Выступление Н.М. Коняева на обсуждении книги «Синдром Солженицына». 20.02.2014.
Выступил на вечере и Николай Коняев. Он отметил колоссальную энергию Солженицына, силу воли, целеустремленность, но с сожалением подытожил, что писатель употребил свои качества не лучшим образом и не на лучшее дело. С его словами было трудно не согласиться. Присутствовал Николай Михайлович и на презентации исторического романа белорусского писателя Василя Яковенко «Надлом. Кручина вековая», проходившей в Доме писателя 2 февраля 2015 года. На заседаниях секции прозы он бывал не каждый раз. Помню, как-то перед началом он рассказывал группе знакомых про кота Котю; если я правильно поняла, животинка чем-то вызвала недовольство соседей.
В то время у меня уже вышла книга исторической прозы «Кровь без почвы», но я постеснялась показать её Н.М. Коняеву, уверенная в его неодобрении (если уж не понравилась книжка о Балашове...). Я поговорила о книге с председателем секции прозы А.Г. Скоковым. Через некоторое время Александр Георгиевич сообщил, что прочитал книгу и передал её... Н.М. Коняеву; дальнейшее будет зависеть от его мнения. Сердце моё ёкнуло. Однако, Николай Михайлович дал положительный отзыв.
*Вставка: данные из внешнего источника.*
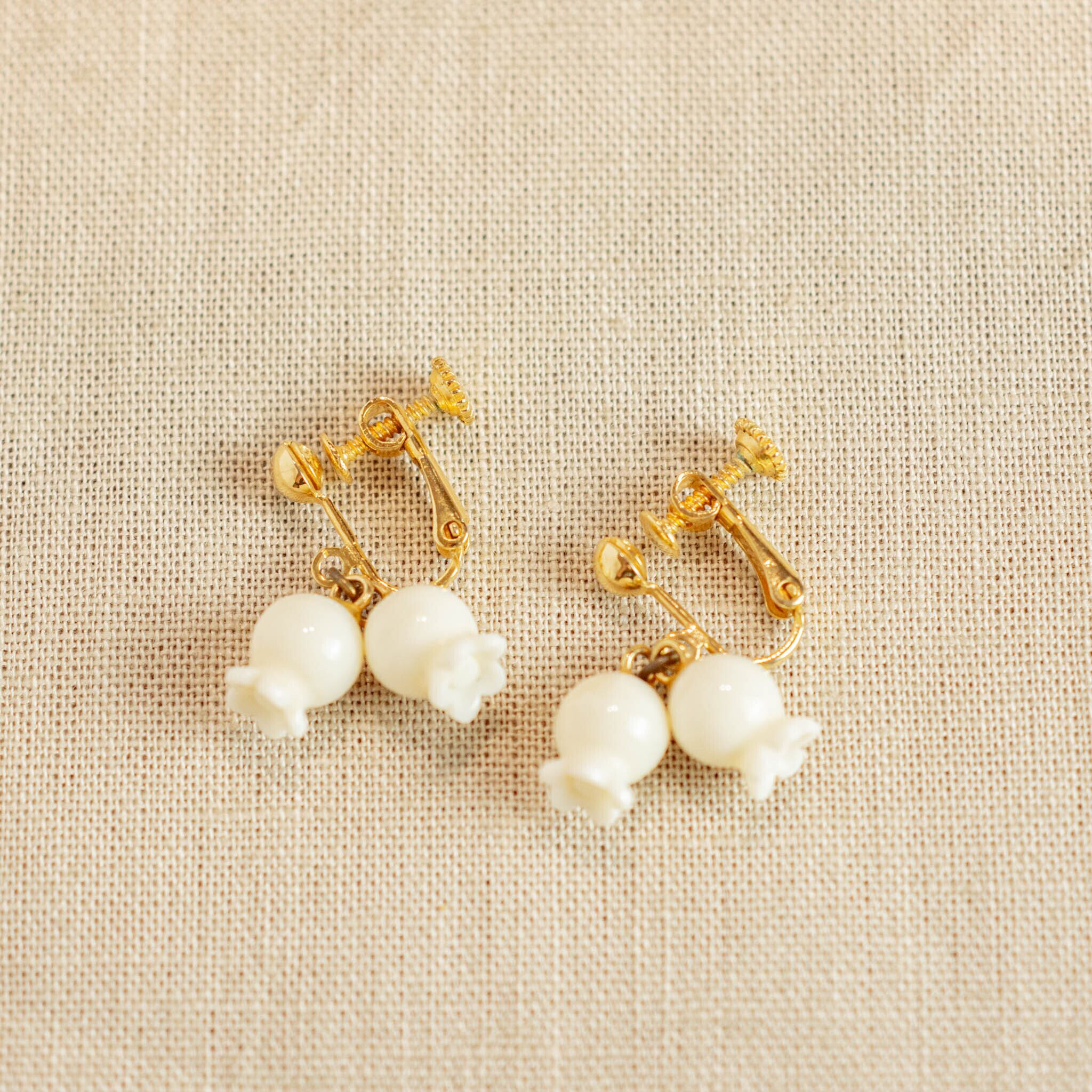 可憐なリリー・オブ・ザ・バリー(すずらん)モチーフが印象的なヴィンテージイヤリング。優しいアイボリーカラーのトーンが、上品で落ち着いた雰囲気を醸し出し、ヴィンテージ感あふれるゴールドの金具との組み合わせが、クラシカルな魅力を引き立てています。シンプルでありながらも愛らしいデザインが、耳もとに繊細な華やかさを添えます。

После этого обсуждение троих авторов, в том числе и меня, было включено в план очередного заседания секции прозы. А.Г. Скоков попросил Тараса Петровича Дрозда и Людмилу Фоминичну Московскую заранее прочитать мою книгу и выступить с отзывами.
Наступил памятный, даже судьбоносный для меня вечер 17 декабря 2015 года. Всех троих авторов пригласили сесть за стол рядом с А.Г. Скоковым. С небольшим опозданием пришёл Николай Михайлович. Сидя с блокнотом в руках, я конспектировала выступления, почти не поднимая головы. Конечно, я благодарна всем писателям, кто высказался тогда о моей книге, ободрил, сделал замечание или дал совет. Но, пожалуй, ключевым стало выступление Николая Михайловича Коняева. Он отметил повесть о ссыльных троцкистах «В местах не столь отдалённых». Мне было приятно услышать от мастера исторической прозы похвалу: «Стилист». Но особо удивительными были его глубокие размышления о прочитанном; казалось, он понял персонажей лучше автора. Например, он сказал (восстанавливаю по конспекту): «...В повести показано состояние людей, потерявших власть, которой они пользовались не очень разумно. Они пытаются что-то из себя изображать... При этом общую трагедию страны они не чувствуют, только свою внутреннюю боль. Но всё равно их жалко...».
Участники заседания единогласно проголосовали за приём в Союз писателей России всех троих авторов. Правда, процесс моего приёма затянулся. Когда в электронном письме к Николаю Михайловичу я поделилась своим беспокойством, он ободрил меня: «То что приём происходит не быстро – это тоже ничего страшного. Моё приёмное дело, например, длилось в общей сложности почти два года. Не надо тревожиться раньше времени».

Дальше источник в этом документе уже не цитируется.